* **Exercise**
For the data below, retype word for word the lines from the one containing "Профессиональная конструкция крепления" through the one containing "Ten-Koh satellite flight"; drop the pictures.

* **Extracted data**
%%

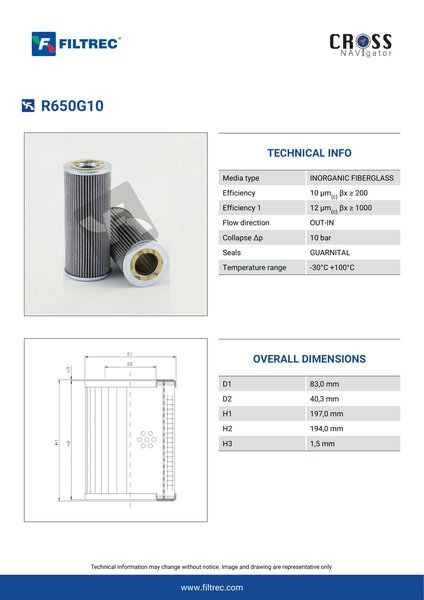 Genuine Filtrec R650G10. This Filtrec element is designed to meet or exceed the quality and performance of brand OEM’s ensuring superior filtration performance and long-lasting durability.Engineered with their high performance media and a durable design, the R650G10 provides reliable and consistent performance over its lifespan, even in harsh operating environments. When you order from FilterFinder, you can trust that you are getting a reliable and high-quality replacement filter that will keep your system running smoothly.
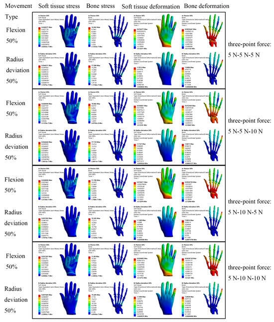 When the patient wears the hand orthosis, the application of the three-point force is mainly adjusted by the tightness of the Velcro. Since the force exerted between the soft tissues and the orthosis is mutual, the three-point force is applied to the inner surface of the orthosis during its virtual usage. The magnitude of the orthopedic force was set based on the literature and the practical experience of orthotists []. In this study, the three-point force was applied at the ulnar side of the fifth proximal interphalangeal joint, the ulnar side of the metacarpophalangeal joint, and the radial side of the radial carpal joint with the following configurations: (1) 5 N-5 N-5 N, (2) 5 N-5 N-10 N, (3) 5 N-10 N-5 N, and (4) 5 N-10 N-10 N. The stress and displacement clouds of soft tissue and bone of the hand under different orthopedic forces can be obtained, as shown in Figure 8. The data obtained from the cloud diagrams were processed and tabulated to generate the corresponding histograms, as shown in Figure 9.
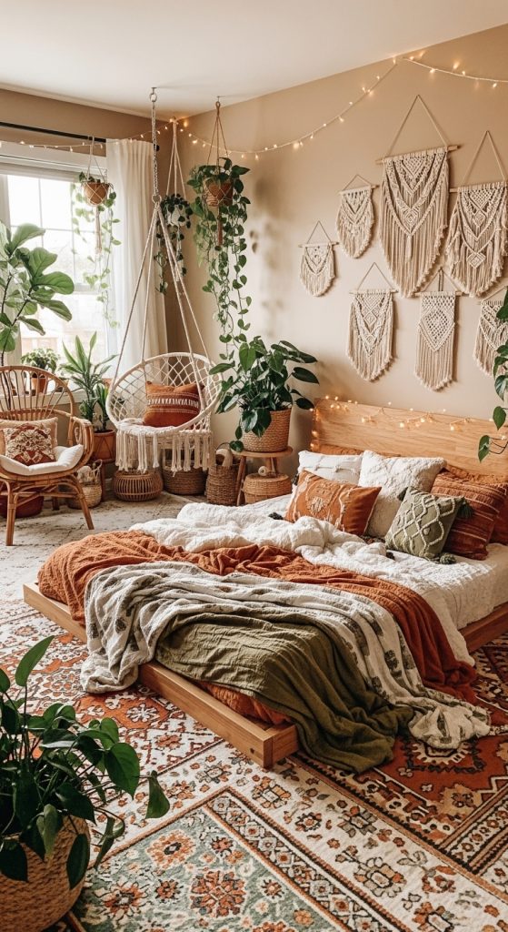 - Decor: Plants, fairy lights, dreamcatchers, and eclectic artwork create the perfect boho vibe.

%%
%%

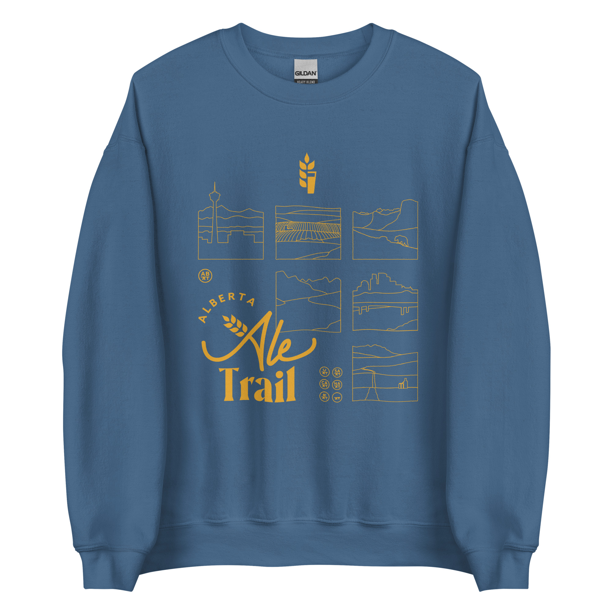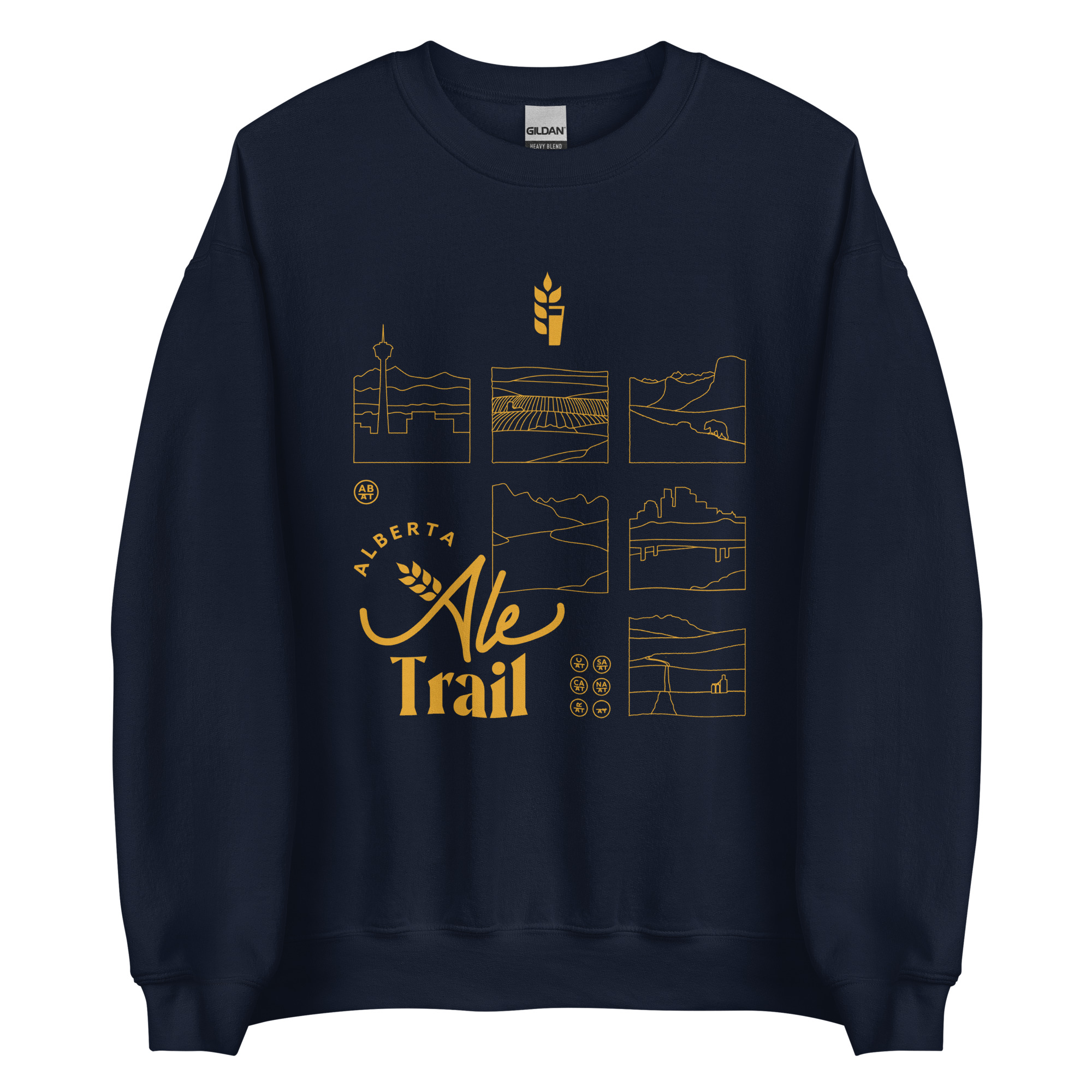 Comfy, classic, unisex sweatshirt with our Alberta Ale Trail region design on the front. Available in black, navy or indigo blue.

%%
%%

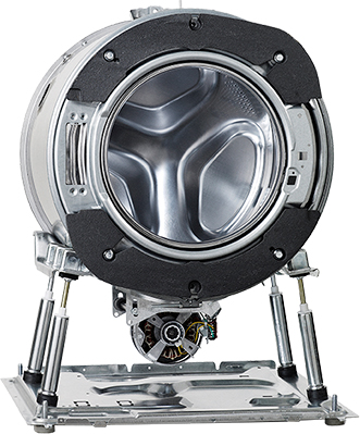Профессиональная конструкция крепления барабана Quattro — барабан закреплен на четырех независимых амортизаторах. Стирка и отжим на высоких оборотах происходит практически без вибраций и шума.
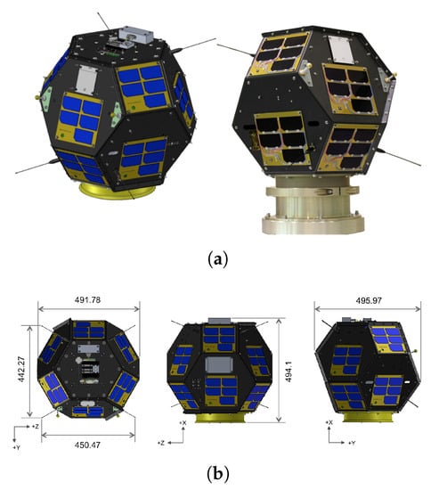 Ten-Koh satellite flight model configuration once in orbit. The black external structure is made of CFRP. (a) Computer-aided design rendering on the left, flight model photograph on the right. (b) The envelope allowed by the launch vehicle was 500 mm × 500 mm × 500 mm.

%%

* **Completed task**
Профессиональная конструкция крепления барабана Quattro — барабан закреплен на четырех независимых амортизаторах. Стирка и отжим на высоких оборотах происходит практически без вибраций и шума.
 Ten-Koh satellite flight model configuration once in orbit. The black external structure is made of CFRP. (a) Computer-aided design rendering on the left, flight model photograph on the right. (b) The envelope allowed by the launch vehicle was 500 mm × 500 mm × 500 mm.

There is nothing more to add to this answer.